Assume
$D:(C^1, ||.||_{C^1}) \rightarrow (C, ||.||_{\infty}),$
$$D(f) = f',$$
is a mapping with
$$||f||_{C^1} := ||f||_{\infty} + ||f'||_{\infty},$$
$$||f||_{\infty} := sup_{x \in [a, b]} f(x).$$
I have to show that the mapping is continuous. We already proved that $C([a, b])$ and $C^1([a,b])$ are complete, therefore every Cauchy-sequence converges in both of these rooms.

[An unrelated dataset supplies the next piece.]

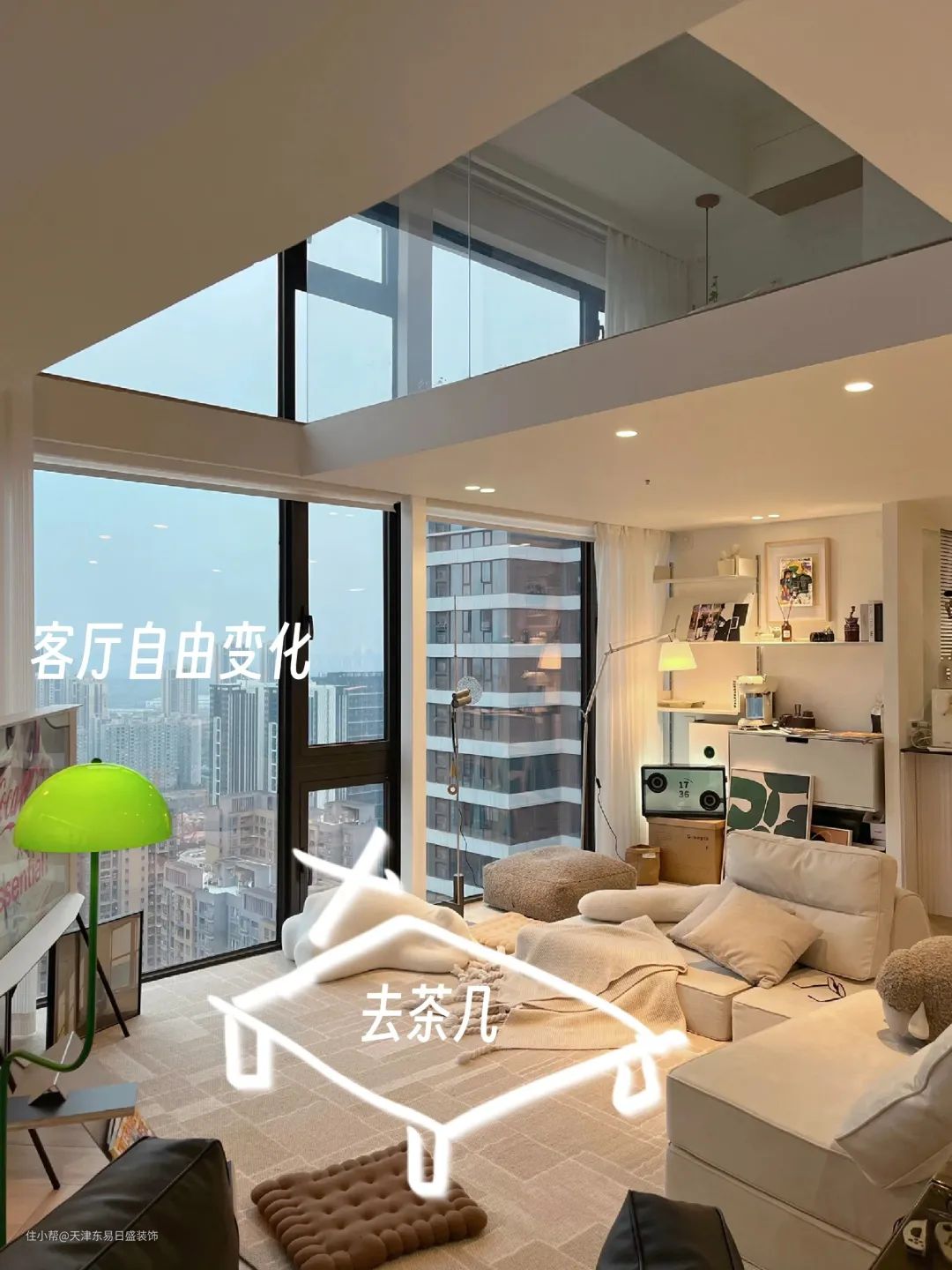去茶几化就是舍弃和弱化刷新茶几在客厅的存在感。让茶几在客厅内不再有笨重的感觉,由此降低它在空间的干扰性,使其在空间内变得宽敞和通透。

My own approach looks like this:
Assume $(f_n) \in C^1([a, b])$ is a Cauchy-sequence. Since $C^1([a, b])$ is complete, $(f_n)$ converges (pointwise or uniform, I guess it doesn't matter yet), such that
$\lim_{n\to \infty} (f_n) = f$
for a certain $f \in C^1([a, b]).$ Interestingly enough, this already looks exactly like the premise I would normally use for proving continuity. Following the definition of the mapping, I have to show that
$\lim_{n\to \infty} (f'_n) = f'.$
Remembering our theorems, the conclusion would follow directly when I could assure the following statements:
- $(f_n)$ is continuous and differentiable (true since $(f_n) \in C^1[(a, b)]),$
- $(f_n)$ converges pointwise or uniformly (true since $(f_n)$ is a Cauchy-sequence),
- $(f'_n)$ converges uniformly.
Since $C([a, b])$ is complete, $(f'_n) \in C([a, b])$ is a Cauchy-sequence, and therefore it converges at least pointwise - but what gives me the uniform convergence here?

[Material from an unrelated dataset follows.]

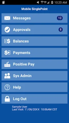 In addition to these features, Mobile SinglePoint also allows users to approve ACH batches and templates, wire transfers, and book transfers. System administrators have the ability to approve password resets and control access to the app. The services, accounts, and access entitlements of each user determine which functions are available through Mobile SinglePoint.

You should have a look of the various definitions of convergence again. Convergence in the $||.||_\infty $ norm is uniform convergence, and it does matter, because only uniform convergence allows you to conclude that the limit of a sequence of continuous functions is continuous.

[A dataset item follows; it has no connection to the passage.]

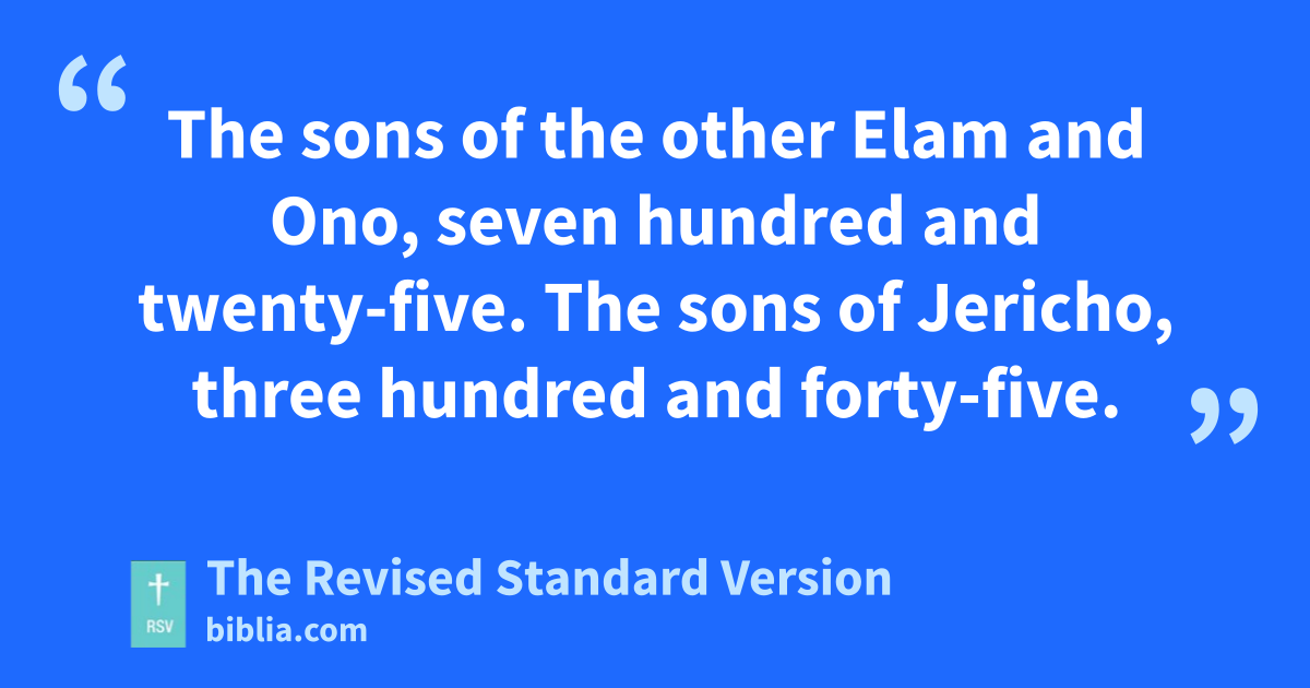 9 The number of the men of the nation and their leaders: the sons of Parosh, two thousand one hundred and seventy-two. The sons of Shephatiah, four hundred and seventy-two. 10 The sons of Arah, seven hundred and fifty-six. 11 The sons of Pahathmoab, of the sons of Jeshua and Joab, two thousand eight hundred and twelve. 12 The sons of Elam, one thousand two hundred and fifty-four. The sons of Zattu, nine hundred and forty-five. The sons of Chorbe, seven hundred and five. The sons of Bani, six hundred and forty-eight. 13 The sons of Bebai, six hundred and twenty-three. The sons of Azgad, one thousand three hundred and twenty-two. 14 The sons of Adonikam, six hundred and sixty-seven. The sons of Bigvai, two thousand and sixty-six. The sons of Adin, four hundred and fifty-four. 15 The sons of Ater, namely of Hezekiah, ninety-two. The sons of Kilan and Azetas, sixty-seven. The sons of Azaru, four hundred and thirty-two. 16 The sons of Annias, one hundred and one. The sons of Arom. The sons of Bezai, three hundred and twenty-three. The sons of Jorah, one hundred and twelve. 17 The sons of Baiterus, three thousand and five. The sons of Bethlehem, one hundred and twenty-three. 18 The men of Netophah, fifty-five. The men of Anathoth, one hundred and fifty-eight. The men of Bethasmoth, forty-two. 19 The men of Kiriatharim, twenty-five. The men of Chephirah and Beeroth, seven hundred and forty-three. 20 The Chadiasans and Ammidians, four hundred and twenty-two. The men of Ramah and Geba, six hundred and twenty-one. 21 The men of Michmas, one hundred and twenty-two. The men of Bethel, fifty-two. The sons of Magbish, one hundred and fifty-six. 22 The sons of the other Elam and Ono, seven hundred and twenty-five. The sons of Jericho, three hundred and forty-five. 23 The sons of Senaah, three thousand three hundred and thirty.

Having said that it's in fact almost trivial resp a tautological statement that convergence in $C^1$ implies that differentiation is a continuous map $C^1 \rightarrow C^0$ when these spaces are equipped with the norms you've written down, since this then just states that $f_n^\prime$ (and $f_n$) converge uniformly, which means that the respecitve limit is continous. The only possible pitfall is the question of whether the limit $g$ of the sequence $f_n^\prime$ is, in fact, the derivative of the limit $f$ of $f_n$. This I leave as an exercise to you.